- Let me end with a few words about the significance of the problems posed here.
- Fluids are important and hard to understand....our understanding is at a very primitive level.
- Standard methods from PDE appear inadequate to settle the problem.
- Instead, we probably need some deep, new ideas.
Yes, fluids are hard to understand for a pure mathematician and the understanding appears to be on a very primitive level, and this has led to an unfortunate formulation of the problem leading into a fruitless search for either (i) blowup into infinite fluid velocities in finite time as non-smoothness, or (ii) not blowup as smoothness of solutions.
But for a fluid the distinction between smoothness and non-smoothness concerns the size of velocity gradients. It is a well-known fact since long that compressible flow may exhibit non-smoothness in the form of shocks with large velocity gradients but without large velocities.

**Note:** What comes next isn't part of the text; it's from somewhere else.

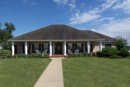 The master bedroom features a wall of windows and cabinets for a special touch. A huge walk-in closet is located within easy reach of the dressing area. Dual sinks are lit with a skylight and a split bath gives privacy. This bed/bath area was designed to make couples’ lives easier. One can still be resting while the other totally get ready for work without waking each other.

The Clay Problem concerns incompressible flow (at unbounded Reynolds numbers), which does not form shocks but instead becomes turbulent for large Reynolds number with again large velocity gradients as expression of non-smoothness, and (most likely) without large velocities.
The clue to solve the Clay Problem offered in the official formulation by searching for infinite velocities in fluid flow, which Tao has picked up in recent attempts to solve the problem, thus appears to be misleading and as such is not helpful to mathematics as science.
Fefferman is asking for some new ideas, but closes the door to any form of communication with computational turbulence as a new idea towards understanding and resolution of the problem.